#### Instructions to follow:
Set down every entry exactly as given. Pictures are to be left out.

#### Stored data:

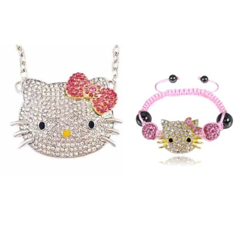 Large Hello Kitty Crystal Pendant Necklace Dimensions: Pendant roughly 1.5"L x 2"W, necklace length: 21" with 2.5" extendable chain. Material: Crystal, Zinc Alloy
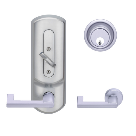 The H2 Series interconnected locks provide a single-motion egress and are ideal for multi-family, mixed-use and public restroom applications. The H2 Series features a single-motion egress (retracting both the latch and deadbolt simply by rotating the inside lever) to meet Life and Safety code requirements, while exceeding BHMA Grade 2 requirements for operational usage, security, cycle and finish.
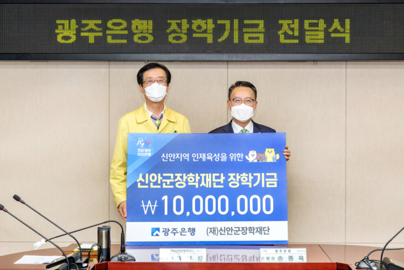광주은행(은행장 송종욱)은 신안군청에서 송종욱 광주은행장과 박우량 신안군수, 김혁성 신안군의회 의장 및 관계자 등이 참석한 가운데 (재)신안군장학재단 장학기금 전달식을 가졌다고 밝혔다.
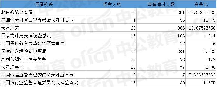 截止到1日16時(shí),通過審核人數(shù)前三位的部門依次是:天津海關(guān)、北京鐵路公安局、天津市國家稅務(wù)局,三部門通過審核總?cè)藬?shù)達(dá)1569人。
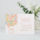 cute and modern peach mason jar wedding RSVP card with coral flowers, blossoms, leaves and love hearts.
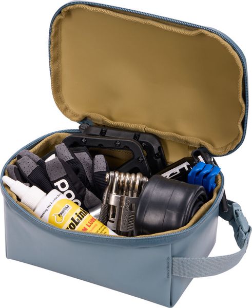 "The Chasm Small Gear Cube in the color Pond Gray from Thule is the ideal companion for anyone who values order and protection of their equipment. This compact equipment cube is made from a durable, weatherproof tarpaulin fabric and reliably protects your contents from the elements. The polyurethane-coated zippers provide additional protection against moisture and dirt."
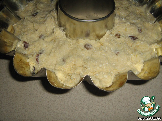 Тесто выкладываем руками, т.к. оно довольно плотное, в смазанную маслом (можно еще присыпать мукой) форму и слегка утрамбовываем, чтобы заполнить пустоты и выровнять поверхность.
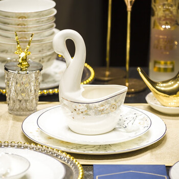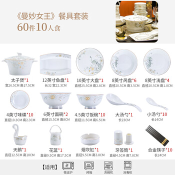 太子煲1个、日式鱼盘1个、月光大盘1个、呙盘6个、浅盘4个、面碗2个、饭碗10个、味碟10个、大汤勺1个、小汤勺10个、天鹅1个、花篮1个、烟灰缸1个、牙签筒1个、合金筷子10双
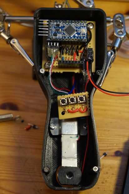 Una vez se reunieron todos los componentes electrónicos, verificamos las conexiones con un polímetro usando una prueba de continuidad simple para asegurarse de que nuestra soldadura emparejado para arriba con el esquema. A continuación ponemos todos juntos en el cuerpo de la manija y que todo encajan. Finalmente, había conectado un cargador USB (ligeramente modificado) a la placa y comprobar que todo marcha.
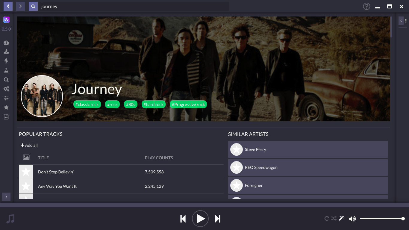 - Searching for albums (powered by Last.fm and Discogs), album view, automatic song lookup based on artist and track name (in progress, can be dodgy sometimes)
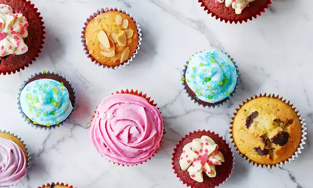 Bag kagerne i ca. 20-25 min. i ovnen. Lad kagerne afkøle på en bagerist.
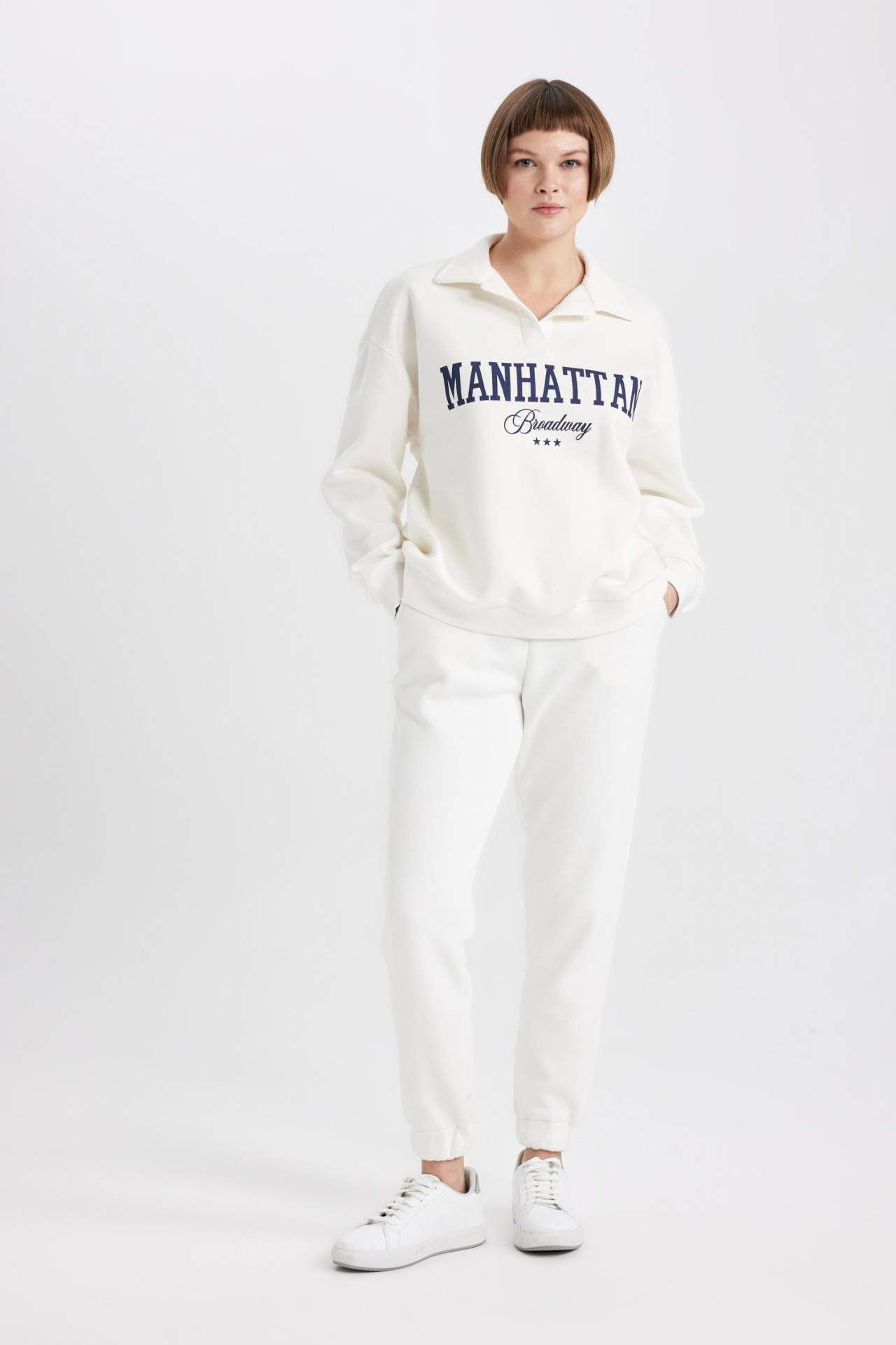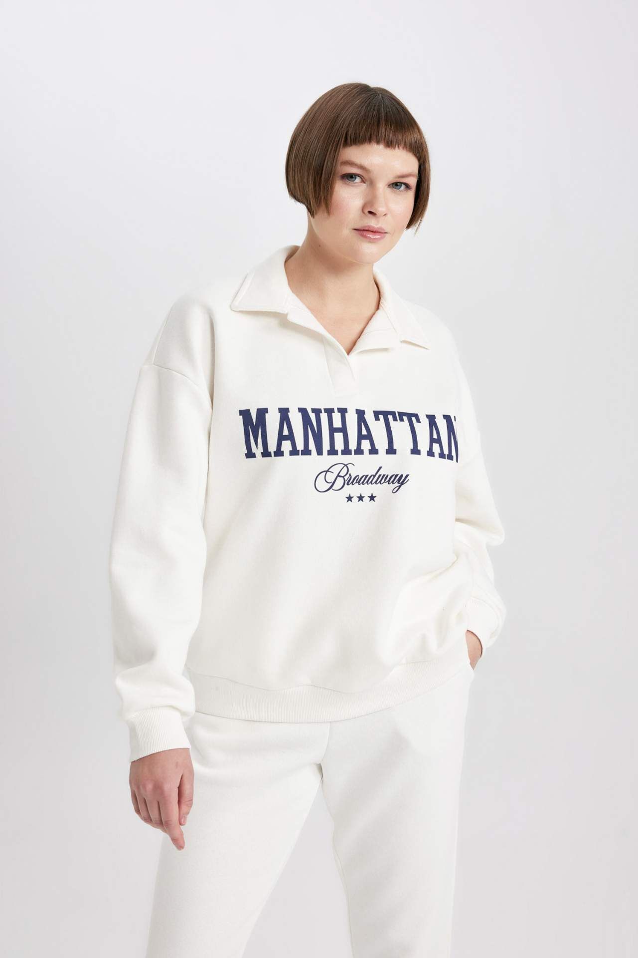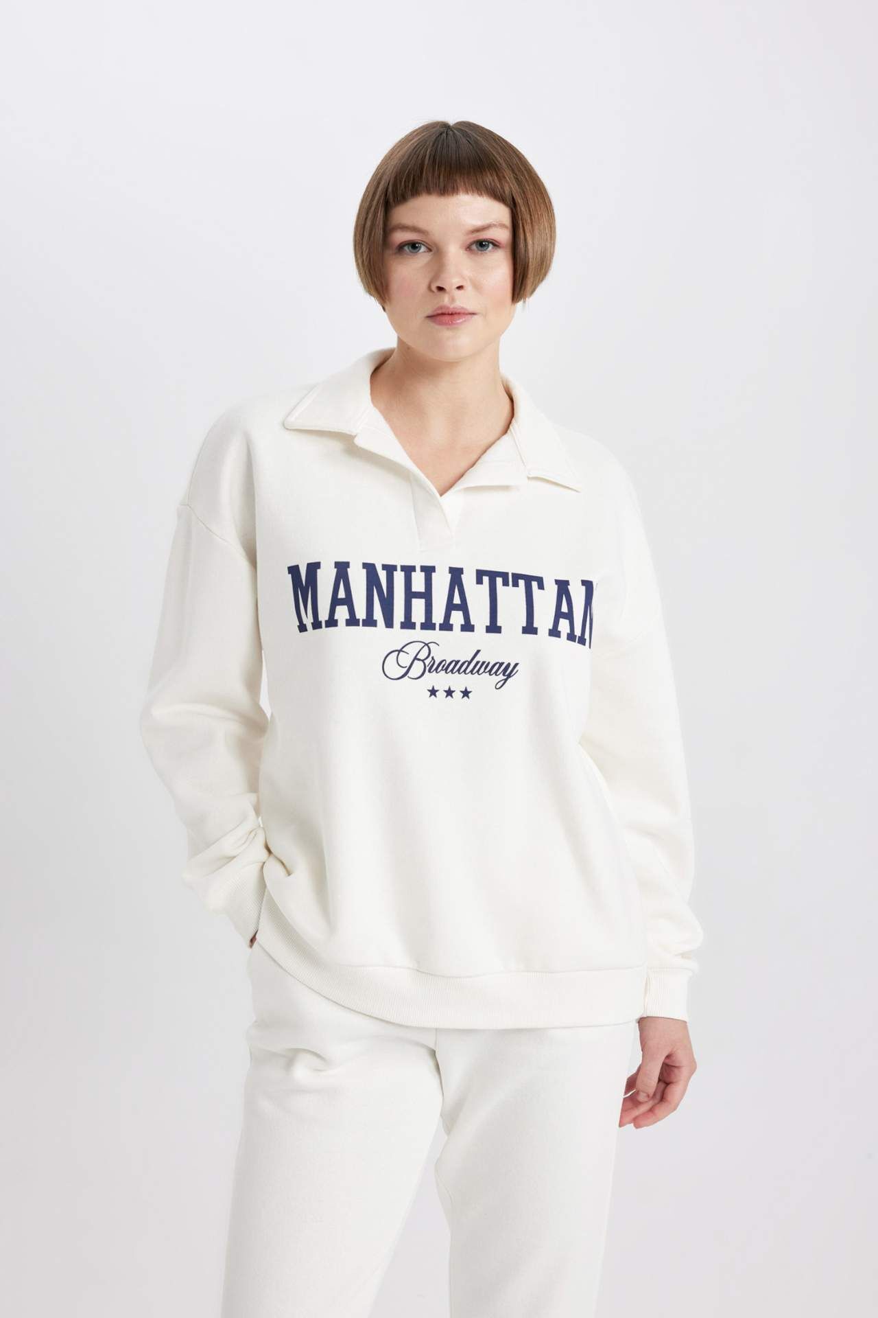 DeFactoFit Relax Fit Polo Yaka Kalın Sweatshirt Kumaşı Sweatshirt

#### Your solution:
 Large Hello Kitty Crystal Pendant Necklace Dimensions: Pendant roughly 1.5"L x 2"W, necklace length: 21" with 2.5" extendable chain. Material: Crystal, Zinc Alloy
 The H2 Series interconnected locks provide a single-motion egress and are ideal for multi-family, mixed-use and public restroom applications. The H2 Series features a single-motion egress (retracting both the latch and deadbolt simply by rotating the inside lever) to meet Life and Safety code requirements, while exceeding BHMA Grade 2 requirements for operational usage, security, cycle and finish.
광주은행(은행장 송종욱)은 신안군청에서 송종욱 광주은행장과 박우량 신안군수, 김혁성 신안군의회 의장 및 관계자 등이 참석한 가운데 (재)신안군장학재단 장학기금 전달식을 가졌다고 밝혔다.
 截止到1日16時(shí),通過審核人數(shù)前三位的部門依次是:天津海關(guān)、北京鐵路公安局、天津市國家稅務(wù)局,三部門通過審核總?cè)藬?shù)達(dá)1569人。
 cute and modern peach mason jar wedding RSVP card with coral flowers, blossoms, leaves and love hearts.
 "The Chasm Small Gear Cube in the color Pond Gray from Thule is the ideal companion for anyone who values order and protection of their equipment. This compact equipment cube is made from a durable, weatherproof tarpaulin fabric and reliably protects your contents from the elements. The polyurethane-coated zippers provide additional protection against moisture and dirt."
 Тесто выкладываем руками, т.к. оно довольно плотное, в смазанную маслом (можно еще присыпать мукой) форму и слегка утрамбовываем, чтобы заполнить пустоты и выровнять поверхность.
 太子煲1个、日式鱼盘1个、月光大盘1个、呙盘6个、浅盘4个、面碗2个、饭碗10个、味碟10个、大汤勺1个、小汤勺10个、天鹅1个、花篮1个、烟灰缸1个、牙签筒1个、合金筷子10双
 Una vez se reunieron todos los componentes electrónicos, verificamos las conexiones con un polímetro usando una prueba de continuidad simple para asegurarse de que nuestra soldadura emparejado para arriba con el esquema. A continuación ponemos todos juntos en el cuerpo de la manija y que todo encajan. Finalmente, había conectado un cargador USB (ligeramente modificado) a la placa y comprobar que todo marcha.
 - Searching for albums (powered by Last.fm and Discogs), album view, automatic song lookup based on artist and track name (in progress, can be dodgy sometimes)
 Bag kagerne i ca. 20-25 min. i ovnen. Lad kagerne afkøle på en bagerist.
 DeFactoFit Relax Fit Polo Yaka Kalın Sweatshirt Kumaşı Sweatshirt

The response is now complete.